▸ **WORK TO BE COMPLETED**
Omit the pictures while printing every entry below exactly as given.

Dataset entries:
++++++

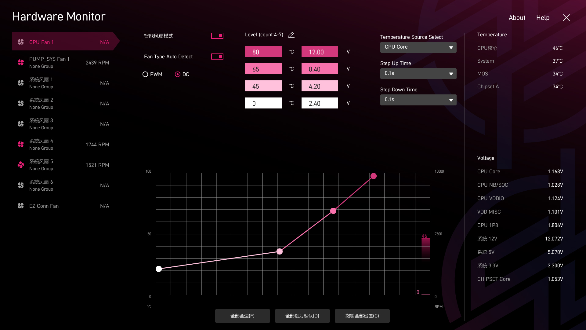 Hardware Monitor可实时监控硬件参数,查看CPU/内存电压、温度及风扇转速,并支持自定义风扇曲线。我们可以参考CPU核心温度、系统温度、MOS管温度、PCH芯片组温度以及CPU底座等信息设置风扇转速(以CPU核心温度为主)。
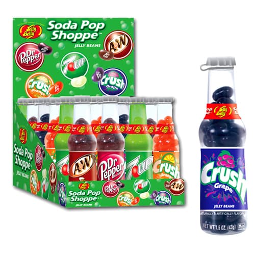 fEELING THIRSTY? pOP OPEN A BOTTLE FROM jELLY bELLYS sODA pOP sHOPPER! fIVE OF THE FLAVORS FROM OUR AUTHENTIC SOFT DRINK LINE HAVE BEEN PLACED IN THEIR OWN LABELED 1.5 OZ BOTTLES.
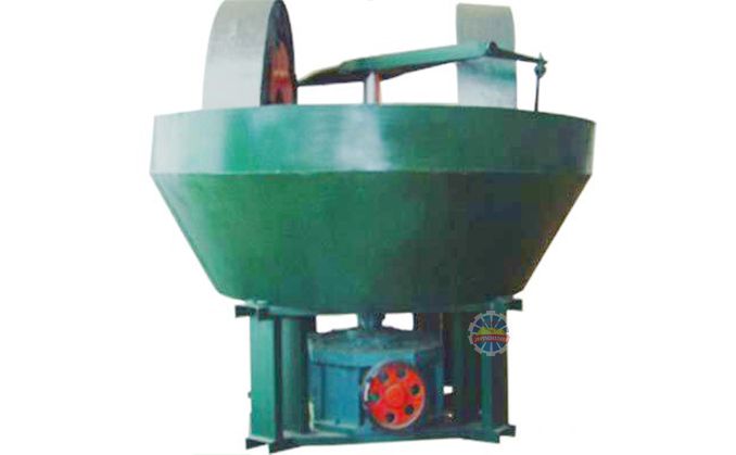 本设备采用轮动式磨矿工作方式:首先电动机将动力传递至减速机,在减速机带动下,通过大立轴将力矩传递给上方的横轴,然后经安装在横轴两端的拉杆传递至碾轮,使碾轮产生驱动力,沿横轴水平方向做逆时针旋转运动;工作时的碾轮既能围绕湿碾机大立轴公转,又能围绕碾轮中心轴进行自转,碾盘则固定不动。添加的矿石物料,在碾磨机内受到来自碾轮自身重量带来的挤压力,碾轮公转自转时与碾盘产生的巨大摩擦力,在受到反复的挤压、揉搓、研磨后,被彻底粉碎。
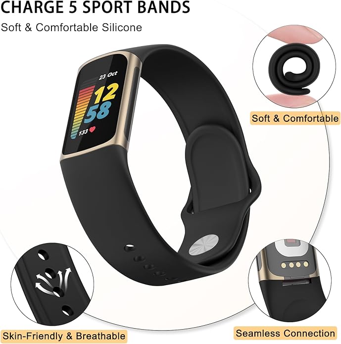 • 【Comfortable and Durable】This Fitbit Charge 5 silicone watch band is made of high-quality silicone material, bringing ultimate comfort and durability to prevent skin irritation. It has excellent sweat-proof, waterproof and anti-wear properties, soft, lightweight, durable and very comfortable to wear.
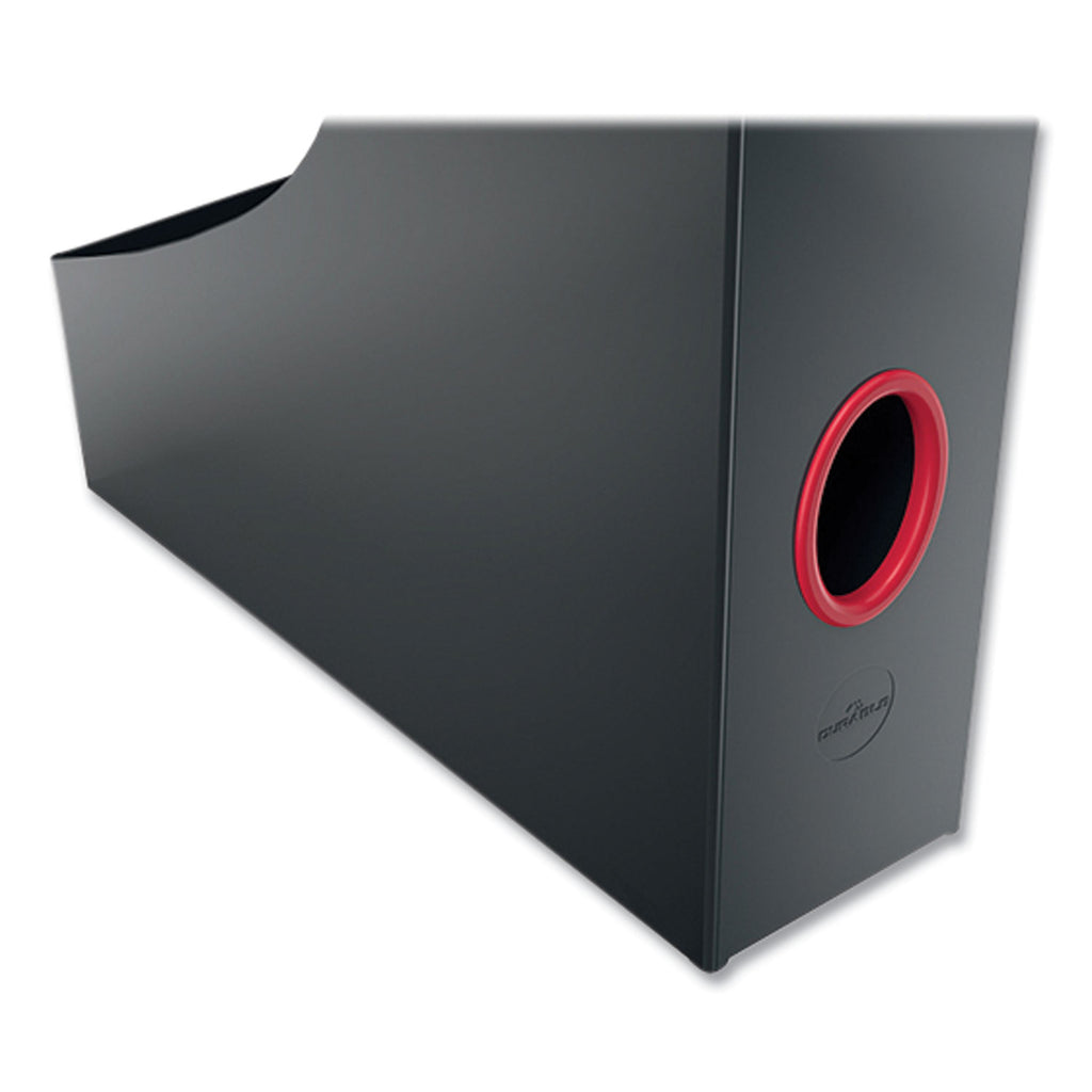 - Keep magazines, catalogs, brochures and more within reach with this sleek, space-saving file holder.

++++++

▸ **OUTPUT OF THE TASK**
 Hardware Monitor可实时监控硬件参数,查看CPU/内存电压、温度及风扇转速,并支持自定义风扇曲线。我们可以参考CPU核心温度、系统温度、MOS管温度、PCH芯片组温度以及CPU底座等信息设置风扇转速(以CPU核心温度为主)。
 fEELING THIRSTY? pOP OPEN A BOTTLE FROM jELLY bELLYS sODA pOP sHOPPER! fIVE OF THE FLAVORS FROM OUR AUTHENTIC SOFT DRINK LINE HAVE BEEN PLACED IN THEIR OWN LABELED 1.5 OZ BOTTLES.
 本设备采用轮动式磨矿工作方式:首先电动机将动力传递至减速机,在减速机带动下,通过大立轴将力矩传递给上方的横轴,然后经安装在横轴两端的拉杆传递至碾轮,使碾轮产生驱动力,沿横轴水平方向做逆时针旋转运动;工作时的碾轮既能围绕湿碾机大立轴公转,又能围绕碾轮中心轴进行自转,碾盘则固定不动。添加的矿石物料,在碾磨机内受到来自碾轮自身重量带来的挤压力,碾轮公转自转时与碾盘产生的巨大摩擦力,在受到反复的挤压、揉搓、研磨后,被彻底粉碎。
 • 【Comfortable and Durable】This Fitbit Charge 5 silicone watch band is made of high-quality silicone material, bringing ultimate comfort and durability to prevent skin irritation. It has excellent sweat-proof, waterproof and anti-wear properties, soft, lightweight, durable and very comfortable to wear.
 - Keep magazines, catalogs, brochures and more within reach with this sleek, space-saving file holder.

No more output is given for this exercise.